Title: 

APD 210093

Significant Decision

Date: 

April 5, 2021

Issues: 

Disabilty/Existence-Duration

Table of Contents

APD 210093

This appeal arises pursuant to the Texas Workers’ Compensation Act, TEX. LAB. CODE ANN. § 401.001 et seq. (1989 Act). A contested case hearing was held on December 8, 2020, in (city), Texas, with (administrative law judge) presiding as the administrative law judge (ALJ). The ALJ resolved the disputed issue by deciding that the respondent (claimant) had disability as a result of the compensable injury of (date of injury), from September 5, 2019, through February 7, 2020.

The appellant (carrier) appealed the ALJ’s disability determination. The appeal file does not contain a response from the claimant to the carrier’s appeal.

DECISION

Reversed and remanded for reconstruction of the record.
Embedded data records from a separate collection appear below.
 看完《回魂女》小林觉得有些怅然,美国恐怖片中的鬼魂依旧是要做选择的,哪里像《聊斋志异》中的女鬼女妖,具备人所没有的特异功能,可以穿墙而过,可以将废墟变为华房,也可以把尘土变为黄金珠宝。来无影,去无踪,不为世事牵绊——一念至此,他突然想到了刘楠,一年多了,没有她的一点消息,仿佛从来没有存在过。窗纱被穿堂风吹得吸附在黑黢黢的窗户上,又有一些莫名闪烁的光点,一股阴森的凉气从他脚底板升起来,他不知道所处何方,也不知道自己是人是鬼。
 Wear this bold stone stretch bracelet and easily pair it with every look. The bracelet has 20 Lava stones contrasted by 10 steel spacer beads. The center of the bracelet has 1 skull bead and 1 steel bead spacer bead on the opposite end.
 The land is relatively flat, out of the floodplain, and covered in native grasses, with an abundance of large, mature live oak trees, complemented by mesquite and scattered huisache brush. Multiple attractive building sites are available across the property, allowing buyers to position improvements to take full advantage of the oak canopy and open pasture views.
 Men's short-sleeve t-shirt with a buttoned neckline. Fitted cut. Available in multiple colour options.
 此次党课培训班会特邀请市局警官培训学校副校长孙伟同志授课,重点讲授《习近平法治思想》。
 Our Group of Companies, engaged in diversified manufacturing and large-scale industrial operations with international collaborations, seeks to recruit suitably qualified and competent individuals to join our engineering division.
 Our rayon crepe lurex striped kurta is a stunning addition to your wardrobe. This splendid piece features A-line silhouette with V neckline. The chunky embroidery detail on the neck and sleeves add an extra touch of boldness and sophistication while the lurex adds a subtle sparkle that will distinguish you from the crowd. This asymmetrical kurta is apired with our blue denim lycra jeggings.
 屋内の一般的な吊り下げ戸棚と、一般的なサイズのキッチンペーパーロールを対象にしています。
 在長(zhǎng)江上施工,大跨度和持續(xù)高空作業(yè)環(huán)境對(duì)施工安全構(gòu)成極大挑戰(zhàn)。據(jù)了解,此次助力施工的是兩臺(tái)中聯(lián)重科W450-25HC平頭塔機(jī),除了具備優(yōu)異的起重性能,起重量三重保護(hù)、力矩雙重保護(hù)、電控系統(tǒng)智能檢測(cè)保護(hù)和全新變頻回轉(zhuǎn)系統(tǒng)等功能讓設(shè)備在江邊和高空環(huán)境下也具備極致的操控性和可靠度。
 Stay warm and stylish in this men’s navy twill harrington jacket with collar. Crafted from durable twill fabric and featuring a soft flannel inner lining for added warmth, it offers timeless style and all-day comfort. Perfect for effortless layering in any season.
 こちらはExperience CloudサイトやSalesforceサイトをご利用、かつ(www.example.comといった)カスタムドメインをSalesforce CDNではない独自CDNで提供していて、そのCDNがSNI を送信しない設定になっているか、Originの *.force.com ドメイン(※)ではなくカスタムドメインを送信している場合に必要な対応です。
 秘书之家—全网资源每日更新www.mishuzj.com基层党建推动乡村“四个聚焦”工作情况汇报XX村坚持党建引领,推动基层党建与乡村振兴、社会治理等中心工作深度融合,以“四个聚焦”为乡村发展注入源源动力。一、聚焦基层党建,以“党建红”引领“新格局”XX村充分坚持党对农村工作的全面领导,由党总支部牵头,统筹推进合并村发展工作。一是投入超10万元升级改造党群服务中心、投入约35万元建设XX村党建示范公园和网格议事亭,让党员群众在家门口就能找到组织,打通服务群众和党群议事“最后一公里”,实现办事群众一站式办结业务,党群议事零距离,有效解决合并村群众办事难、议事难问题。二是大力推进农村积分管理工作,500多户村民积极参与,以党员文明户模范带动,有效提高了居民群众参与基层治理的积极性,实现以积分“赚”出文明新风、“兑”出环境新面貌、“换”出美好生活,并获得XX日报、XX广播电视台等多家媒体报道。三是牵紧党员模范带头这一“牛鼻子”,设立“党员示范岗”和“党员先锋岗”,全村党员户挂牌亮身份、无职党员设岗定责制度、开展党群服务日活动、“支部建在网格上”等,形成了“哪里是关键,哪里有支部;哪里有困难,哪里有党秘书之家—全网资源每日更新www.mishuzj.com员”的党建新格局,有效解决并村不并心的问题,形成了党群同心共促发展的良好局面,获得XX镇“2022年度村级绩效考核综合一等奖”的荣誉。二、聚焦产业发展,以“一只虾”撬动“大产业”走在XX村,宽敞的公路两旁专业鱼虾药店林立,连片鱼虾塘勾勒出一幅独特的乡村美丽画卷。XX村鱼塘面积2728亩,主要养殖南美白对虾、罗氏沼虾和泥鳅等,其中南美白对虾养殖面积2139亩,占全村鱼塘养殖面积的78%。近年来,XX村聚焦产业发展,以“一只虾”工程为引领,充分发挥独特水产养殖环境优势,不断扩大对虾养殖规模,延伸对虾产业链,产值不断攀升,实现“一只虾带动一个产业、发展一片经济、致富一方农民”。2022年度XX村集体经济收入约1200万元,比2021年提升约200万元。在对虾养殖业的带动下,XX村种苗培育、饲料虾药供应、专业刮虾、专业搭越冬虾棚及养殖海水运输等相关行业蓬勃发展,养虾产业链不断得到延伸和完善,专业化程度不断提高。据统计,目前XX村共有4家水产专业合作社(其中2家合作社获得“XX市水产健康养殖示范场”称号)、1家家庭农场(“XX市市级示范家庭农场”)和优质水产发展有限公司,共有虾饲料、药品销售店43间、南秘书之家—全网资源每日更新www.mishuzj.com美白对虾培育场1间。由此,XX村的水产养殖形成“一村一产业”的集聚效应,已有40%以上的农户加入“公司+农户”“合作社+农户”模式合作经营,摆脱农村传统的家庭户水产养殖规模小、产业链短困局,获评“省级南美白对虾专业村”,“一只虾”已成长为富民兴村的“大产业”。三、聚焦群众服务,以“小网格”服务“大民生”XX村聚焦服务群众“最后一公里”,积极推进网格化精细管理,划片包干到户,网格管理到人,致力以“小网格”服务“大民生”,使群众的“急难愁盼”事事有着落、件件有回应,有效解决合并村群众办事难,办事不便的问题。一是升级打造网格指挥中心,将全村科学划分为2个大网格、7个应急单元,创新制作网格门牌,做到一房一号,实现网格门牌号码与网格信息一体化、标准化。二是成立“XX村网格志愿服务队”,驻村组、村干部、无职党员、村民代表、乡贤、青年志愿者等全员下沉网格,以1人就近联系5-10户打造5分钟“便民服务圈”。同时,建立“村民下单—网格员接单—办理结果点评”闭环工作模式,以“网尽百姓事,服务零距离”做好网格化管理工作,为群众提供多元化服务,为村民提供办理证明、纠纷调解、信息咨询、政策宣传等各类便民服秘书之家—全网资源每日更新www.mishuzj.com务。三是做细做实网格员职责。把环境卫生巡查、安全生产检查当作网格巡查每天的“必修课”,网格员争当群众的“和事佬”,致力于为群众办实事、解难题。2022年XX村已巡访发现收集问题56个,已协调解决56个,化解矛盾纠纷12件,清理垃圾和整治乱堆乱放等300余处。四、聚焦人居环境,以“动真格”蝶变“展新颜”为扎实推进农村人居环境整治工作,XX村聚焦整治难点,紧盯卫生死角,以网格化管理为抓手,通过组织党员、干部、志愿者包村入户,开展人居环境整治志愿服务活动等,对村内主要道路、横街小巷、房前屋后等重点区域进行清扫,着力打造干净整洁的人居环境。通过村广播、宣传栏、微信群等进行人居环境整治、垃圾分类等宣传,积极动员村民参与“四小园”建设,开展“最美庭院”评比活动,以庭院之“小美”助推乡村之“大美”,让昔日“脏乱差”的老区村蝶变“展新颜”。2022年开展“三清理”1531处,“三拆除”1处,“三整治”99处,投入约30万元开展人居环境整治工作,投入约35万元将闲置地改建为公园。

The ALJ’s decision and order states that the following exhibits were admitted into evidence: ALJ’s Exhibit 1; claimant’s Exhibits 1 through 6, and carrier’s Exhibits A through H. The carrier’s exhibit list states that Exhibit G contains 1 page; however, the case file sent for review does not contain a carrier Exhibit G. Because the record is incomplete, it must be remanded for the addition or reconstruction of the missing exhibit. See Appeals Panel Decision (APD) 030543, decided April 18, 2003. Additionally, we note that Stipulation 1.A. and Conclusion of Law No. 2 state that venue is proper is the (city) Office, instead of the (city) Field Office.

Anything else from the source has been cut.